How to complete this task:
What is wanted is the full listing, word for word, without its pictures.

START Data for review

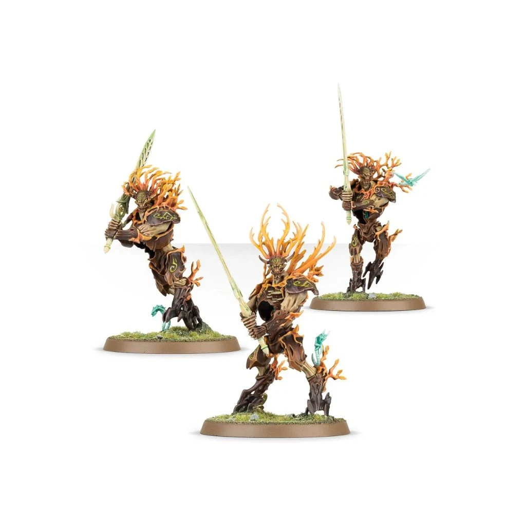 Kurnoth est une des rares divinités que les sylvaneth vénèrent en-dehors d’Alarielle, et il représente la sauvagerie et l’appétit de la nature. Les Kurnoth Hunters sont les incarnations de sa colère. Presque deux fois plus grands qu’une Dryad, maîtres de l’épée, de l’arc et de la faux, ils sont assez forts pour briser un guerrier du Chaos en deux et assez solides pour endurer les pires horions. Agiles, gracieux et stoïques, ils ne partagent pas le caractère versatile de leurs proches; ils se focalisent sur leur tâche, calmes comme des vieux chênes, et profondément investis dans leur combat.
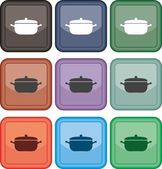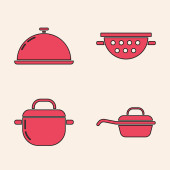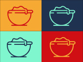 Kolorowa ikona patelni izolowana na tle koloru. Smażyć lub pieczeń żywności symbol. Rysowanie w stylu vintage. Ilustracja wektora
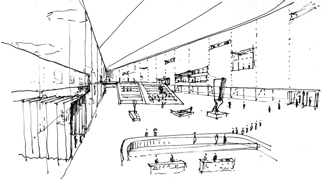 El muro “esponjado” que mencionábamos con anterioridad permite albergar posibles usos de espacios servidores tales como las dotaciones de aseos, comunicaciones verticales, instalaciones, salas de control, traducción simultánea (para actos), etc. que permiten liberar el espacio central de cargas y facilitar así su adaptabilidad a posibles (y muy probables) cambios de organización expositiva en el tiempo. Se libera también de dichas cargas al antiguo edificio, de manera que eliminando su actual compartimentación sea capaz de incrementar su flexibilidad en ese mismo sentido.
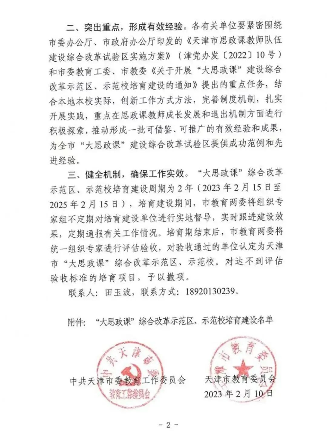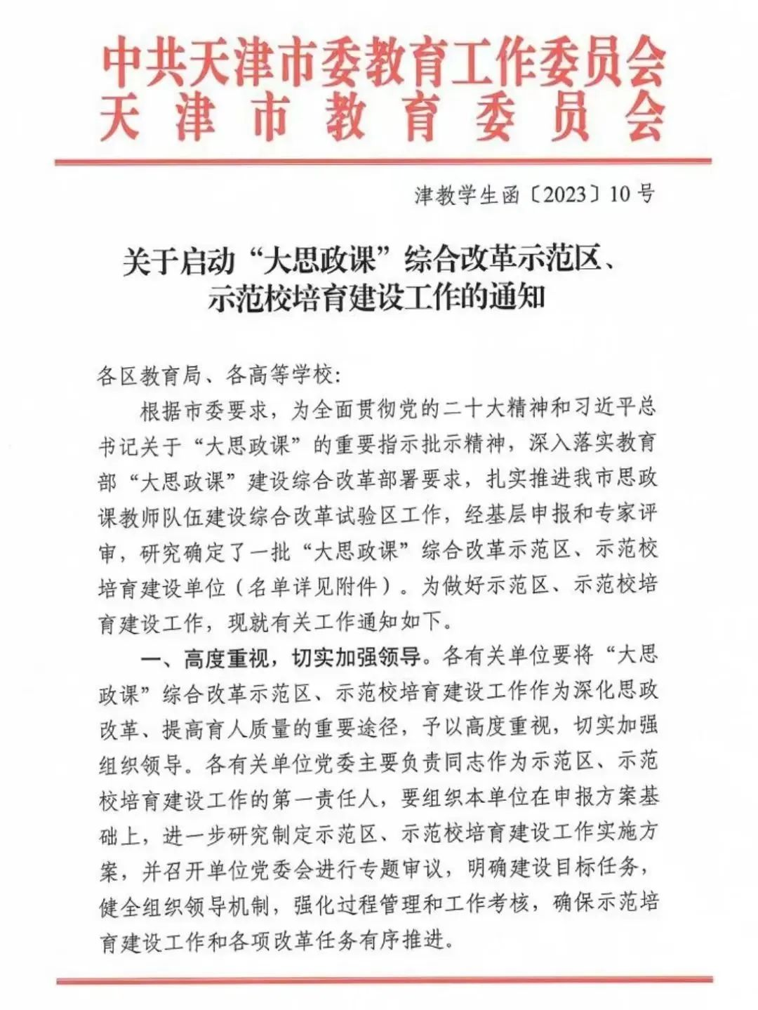 日前,天津市“大思政课”综合改革示范区、示范校培育建设名单揭晓,365英国成功获批天津市“大思政课”综合改革示范校培育建设单位。
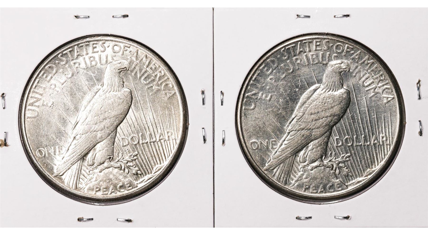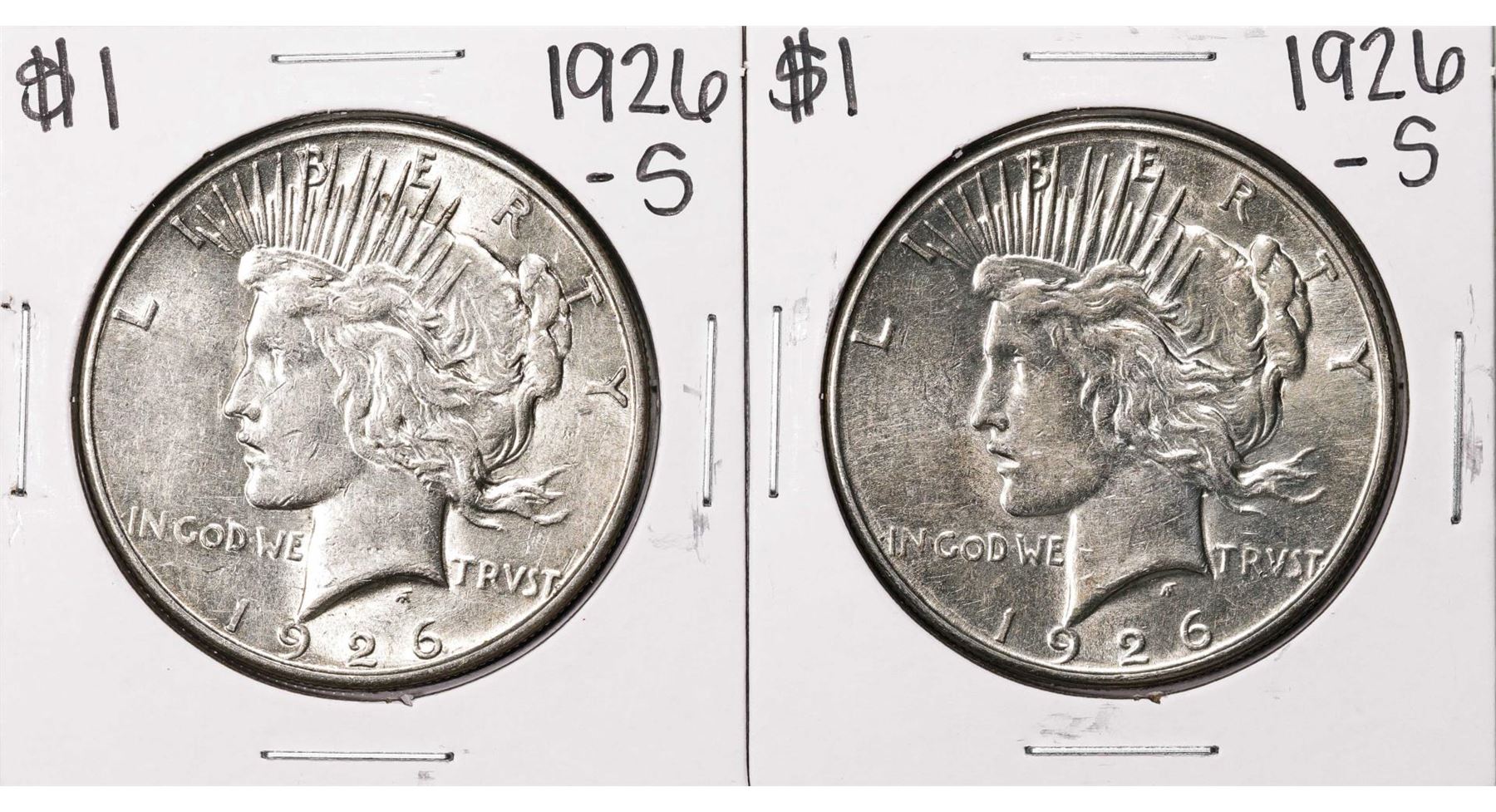 One Lot of (2) 1926-S $1 Peace Silver Dollar Coins.
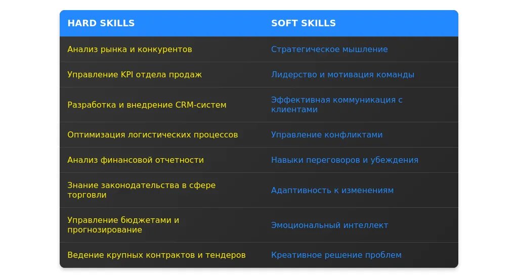 Навыки должны быть перегруппированы так, чтобы соответствовать требованиям вакансии. Например, если вакансия требует знания CRM, этот навык должен быть на первом месте. Также важно выделить требуемые компетенции, такие как управление командой или работа с крупными клиентами.
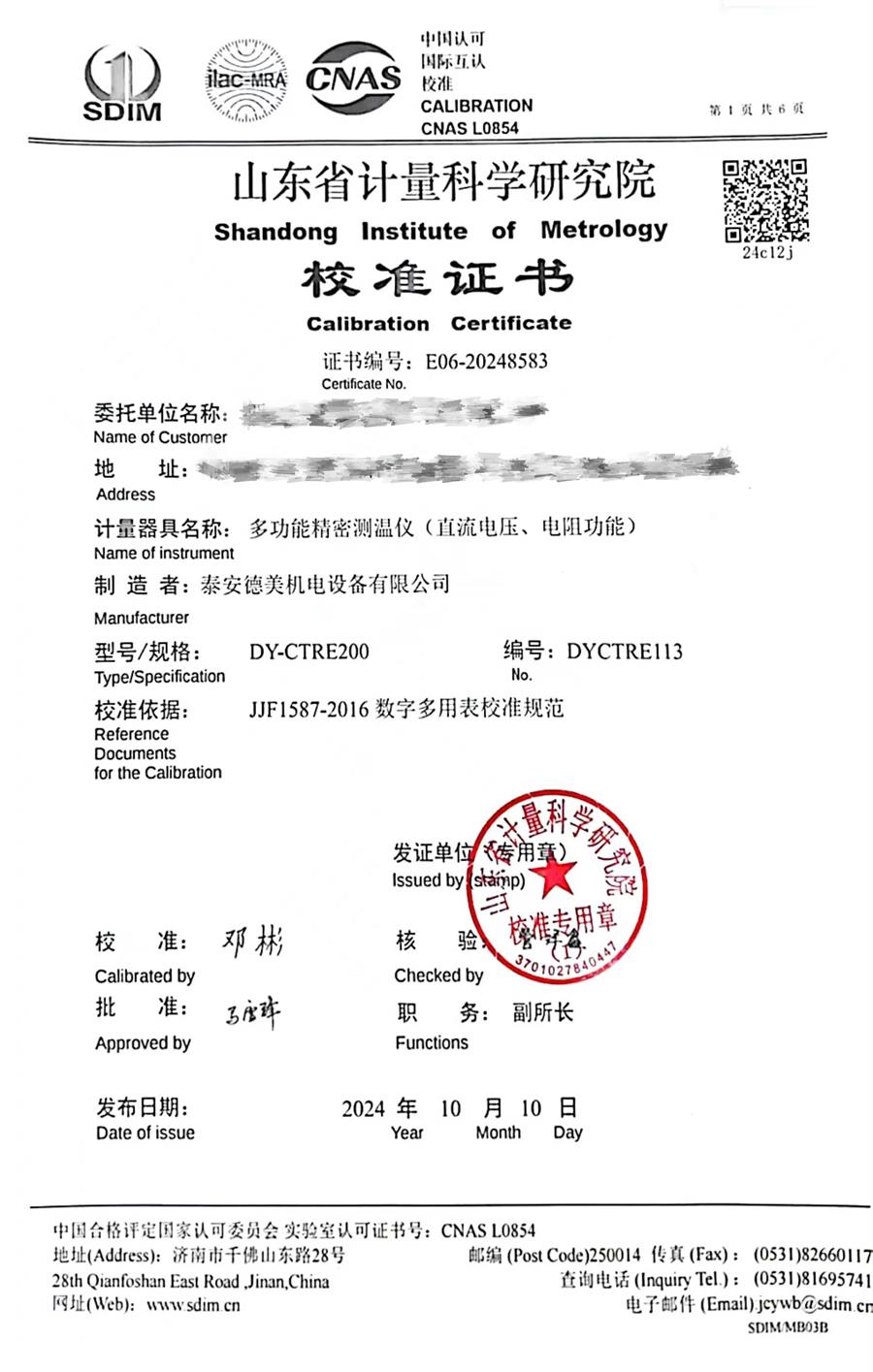 多功能測溫儀校準證書 2024-10-11 本文被閱讀 8489 次

END Data for review

Output below:
 Kurnoth est une des rares divinités que les sylvaneth vénèrent en-dehors d’Alarielle, et il représente la sauvagerie et l’appétit de la nature. Les Kurnoth Hunters sont les incarnations de sa colère. Presque deux fois plus grands qu’une Dryad, maîtres de l’épée, de l’arc et de la faux, ils sont assez forts pour briser un guerrier du Chaos en deux et assez solides pour endurer les pires horions. Agiles, gracieux et stoïques, ils ne partagent pas le caractère versatile de leurs proches; ils se focalisent sur leur tâche, calmes comme des vieux chênes, et profondément investis dans leur combat.
 Kolorowa ikona patelni izolowana na tle koloru. Smażyć lub pieczeń żywności symbol. Rysowanie w stylu vintage. Ilustracja wektora
 El muro “esponjado” que mencionábamos con anterioridad permite albergar posibles usos de espacios servidores tales como las dotaciones de aseos, comunicaciones verticales, instalaciones, salas de control, traducción simultánea (para actos), etc. que permiten liberar el espacio central de cargas y facilitar así su adaptabilidad a posibles (y muy probables) cambios de organización expositiva en el tiempo. Se libera también de dichas cargas al antiguo edificio, de manera que eliminando su actual compartimentación sea capaz de incrementar su flexibilidad en ese mismo sentido.
 日前,天津市“大思政课”综合改革示范区、示范校培育建设名单揭晓,365英国成功获批天津市“大思政课”综合改革示范校培育建设单位。
 One Lot of (2) 1926-S $1 Peace Silver Dollar Coins.
 Навыки должны быть перегруппированы так, чтобы соответствовать требованиям вакансии. Например, если вакансия требует знания CRM, этот навык должен быть на первом месте. Также важно выделить требуемые компетенции, такие как управление командой или работа с крупными клиентами.
 多功能測溫儀校準證書 2024-10-11 本文被閱讀 8489 次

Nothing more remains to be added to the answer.